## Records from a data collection
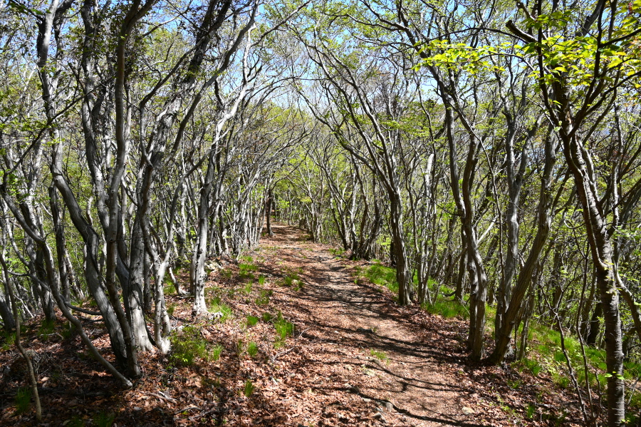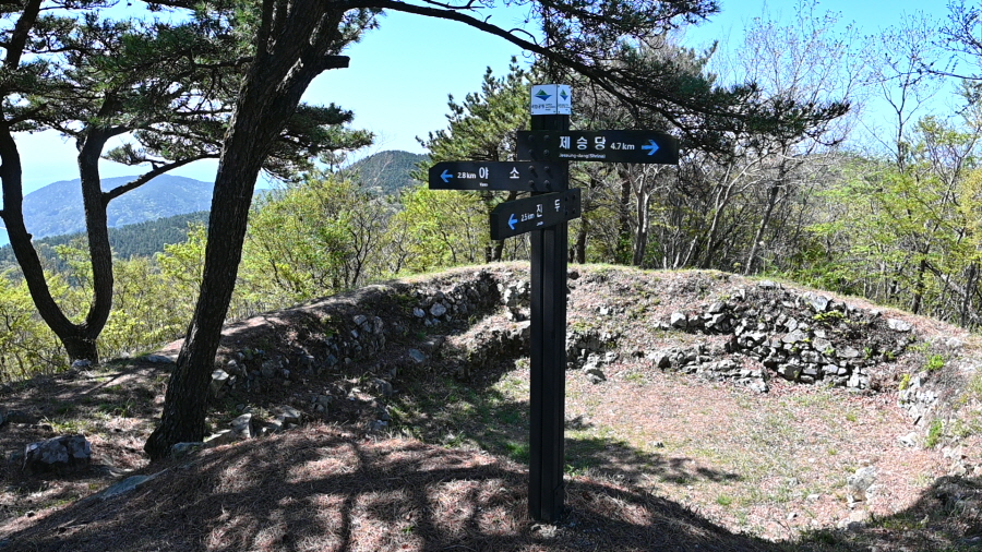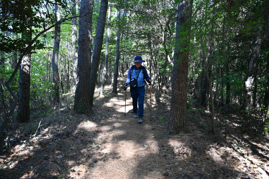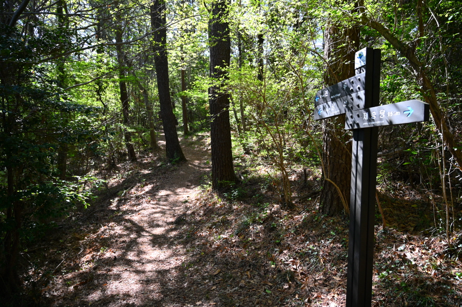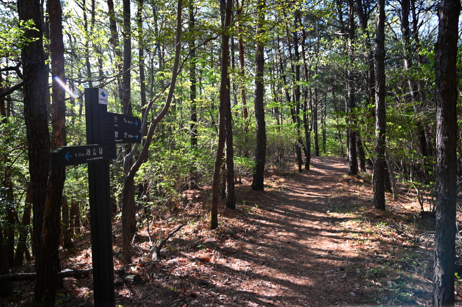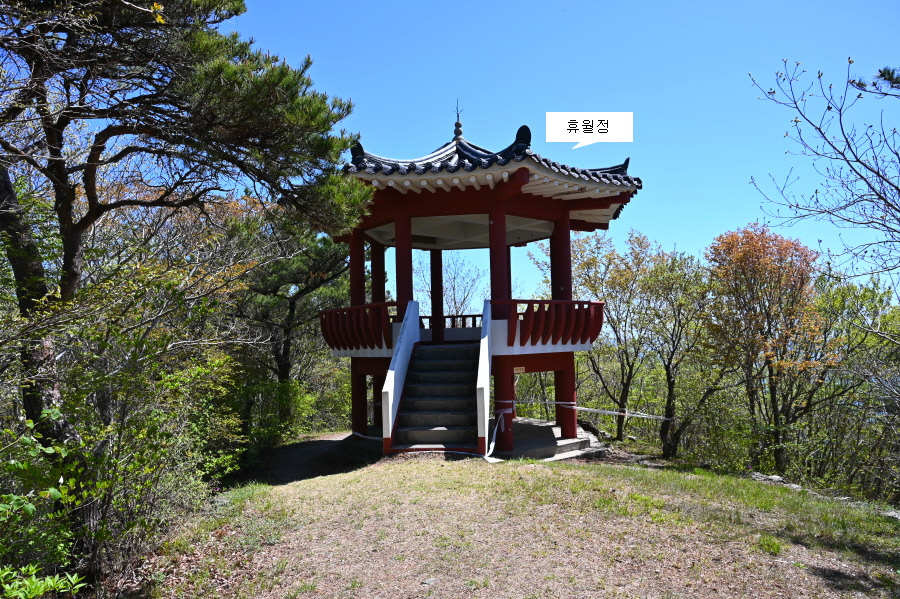 하산은 정상석 앞을 지나 진두(2.5㎞) 마을로(2.5㎞) 내려갑니다. 오른쪽은 야소 방향. 연둣빛 새잎이 돋아난 소사나무 숲길입니다. 곧 달이 쉬어 간다는 ‘휴월정’을 지납니다.
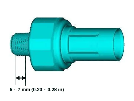 | 3. | If there is no continuity when a 50 kPa (0.50 kgf/cm², 7.25 psi) is applied through the oil hole, the switch is operaing properly. Check for air leakage. If air leaks, the diaphragm is broken. Replace it.
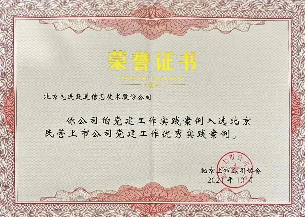 近期,北京上市公司协会授予北京凯发K8信息技术股份公司荣誉证书,凯发K8党建工作实践入选北京民营上市公司党建工作优秀实践案例,相关党建活动已收录在《北京民营上市公司党建工作优秀实践案例汇编》。
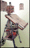 Lámpara capable de ajustarse en talla, con una base de tripie. El interruptor fué hecho a la mano. |
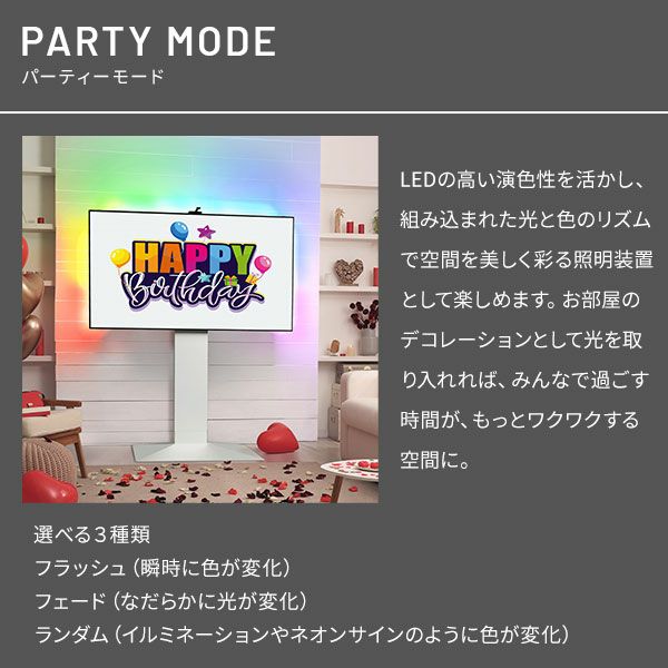 画面を超えて光が広がることで、映像がお部屋に広がったような効果を演出し、没入感を生み出します。
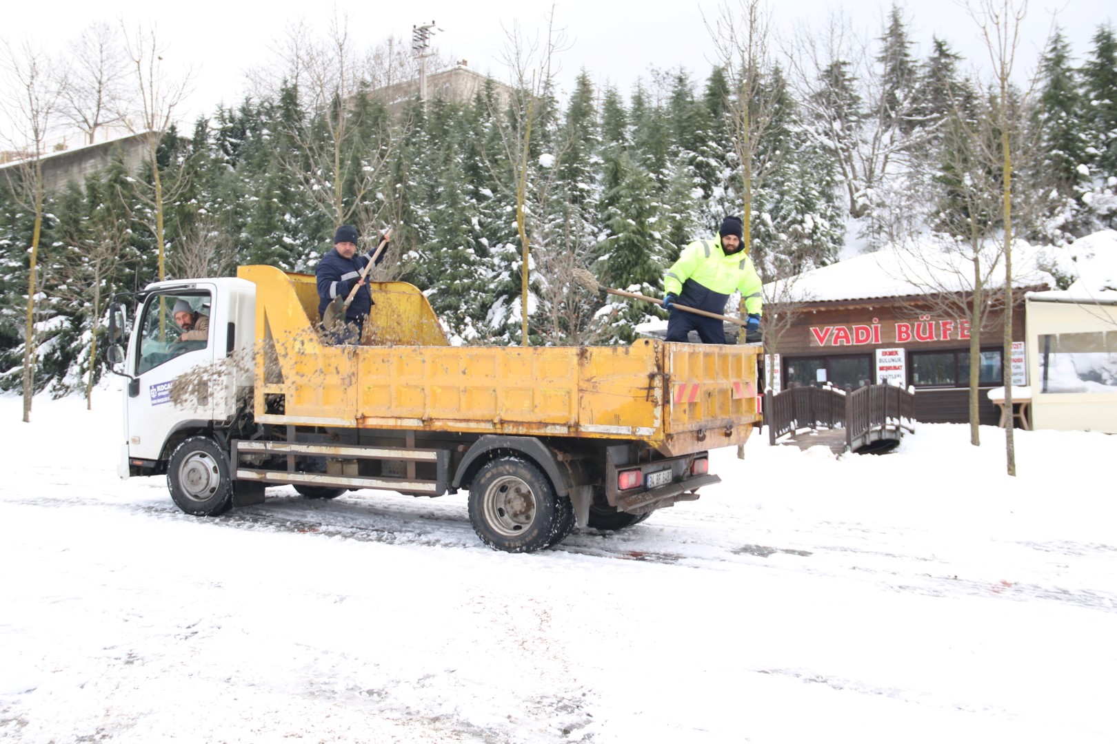 Otoparkta biriken karlar ilk olarak iş makinesinin yardımıyla temizleniyor. Temizlenen otopark alanına Park ve Bahçeler Dairesi Başkanlığı ekipleri buzlanmaya karşı tuz döküyor. Böylelikle araçların herhangi bir tehlikeye sebebiyet vermeden otoparka park edilmeleri sağlanıyor. Ayrıca kaldırımda biriken karları ve buzları temizleyerek vatandaşların güvenli yürümeleri için çaba sarf eden ekipler, Büyükşehir’e ait Gebze bölgesindeki parklarda yoğun bir mesai harcıyor.
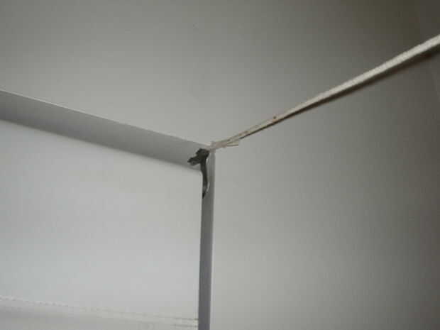 Aquí está una foto de la primera línea ponga para arriba, originalmente fue pensada para complementar a una carga de ropa que había sido secada una vez ya (nuestros secaderos son bastante terribles). Al final de la Cátedra fue unida con la línea de ropa más que corrió por el lado del armario y fue cargada abajo. El extremo de la cuerda también fue tirado por debajo el armario.
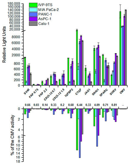 Really, the universal viral promoters CMV and SV40 showed a higher level of activity in fibroblasts as compared to cancer cells. This fact, as well as the shown low activity of most promoters, suggests that the universal promoters may be suitable for providing expression in CAFs, although this may sacrifice the selectivity for promoter activity. Other drawbacks of many universal promoters is silencing, even when administered as part of artificial constructions by non-viral vectors [
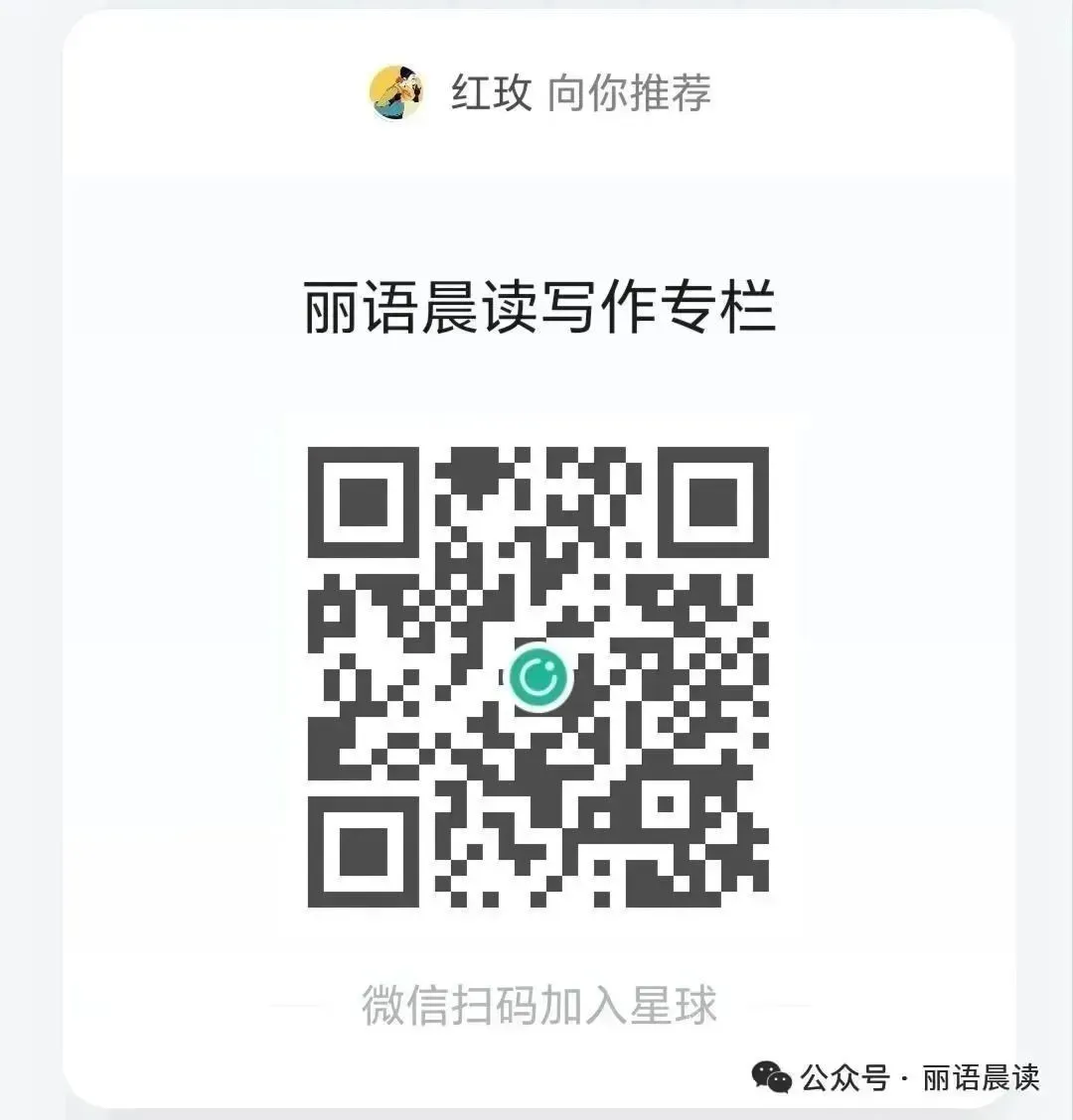 小语开通了一个知识星球,写作专栏,丽语晨读写作星球包括五个主题:高考作文模板、跟着满分作文学写作、时鲜写作素材(包含高考满分作文)、模拟试题优秀作文、高考写作技巧。每天更新,有问题可以留言,会有老师回复。欢迎来小语的知识星球一起学习!
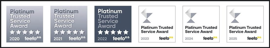 Based on our reviews, we’re delighted to have been awarded with Feefo’s prestigious Platinum Award for 6 years consecutively. Click on the image below to read more.

## Brief
Please transcribe each entry exactly, but skip any picture it holds.

## Exercise answer
 하산은 정상석 앞을 지나 진두(2.5㎞) 마을로(2.5㎞) 내려갑니다. 오른쪽은 야소 방향. 연둣빛 새잎이 돋아난 소사나무 숲길입니다. 곧 달이 쉬어 간다는 ‘휴월정’을 지납니다.
 | 3. | If there is no continuity when a 50 kPa (0.50 kgf/cm², 7.25 psi) is applied through the oil hole, the switch is operaing properly. Check for air leakage. If air leaks, the diaphragm is broken. Replace it.
 近期,北京上市公司协会授予北京凯发K8信息技术股份公司荣誉证书,凯发K8党建工作实践入选北京民营上市公司党建工作优秀实践案例,相关党建活动已收录在《北京民营上市公司党建工作优秀实践案例汇编》。
 Lámpara capable de ajustarse en talla, con una base de tripie. El interruptor fué hecho a la mano. |
 画面を超えて光が広がることで、映像がお部屋に広がったような効果を演出し、没入感を生み出します。
 Otoparkta biriken karlar ilk olarak iş makinesinin yardımıyla temizleniyor. Temizlenen otopark alanına Park ve Bahçeler Dairesi Başkanlığı ekipleri buzlanmaya karşı tuz döküyor. Böylelikle araçların herhangi bir tehlikeye sebebiyet vermeden otoparka park edilmeleri sağlanıyor. Ayrıca kaldırımda biriken karları ve buzları temizleyerek vatandaşların güvenli yürümeleri için çaba sarf eden ekipler, Büyükşehir’e ait Gebze bölgesindeki parklarda yoğun bir mesai harcıyor.
 Aquí está una foto de la primera línea ponga para arriba, originalmente fue pensada para complementar a una carga de ropa que había sido secada una vez ya (nuestros secaderos son bastante terribles). Al final de la Cátedra fue unida con la línea de ropa más que corrió por el lado del armario y fue cargada abajo. El extremo de la cuerda también fue tirado por debajo el armario.
 Really, the universal viral promoters CMV and SV40 showed a higher level of activity in fibroblasts as compared to cancer cells. This fact, as well as the shown low activity of most promoters, suggests that the universal promoters may be suitable for providing expression in CAFs, although this may sacrifice the selectivity for promoter activity. Other drawbacks of many universal promoters is silencing, even when administered as part of artificial constructions by non-viral vectors [
 小语开通了一个知识星球,写作专栏,丽语晨读写作星球包括五个主题:高考作文模板、跟着满分作文学写作、时鲜写作素材(包含高考满分作文)、模拟试题优秀作文、高考写作技巧。每天更新,有问题可以留言,会有老师回复。欢迎来小语的知识星球一起学习!
 Based on our reviews, we’re delighted to have been awarded with Feefo’s prestigious Platinum Award for 6 years consecutively. Click on the image below to read more.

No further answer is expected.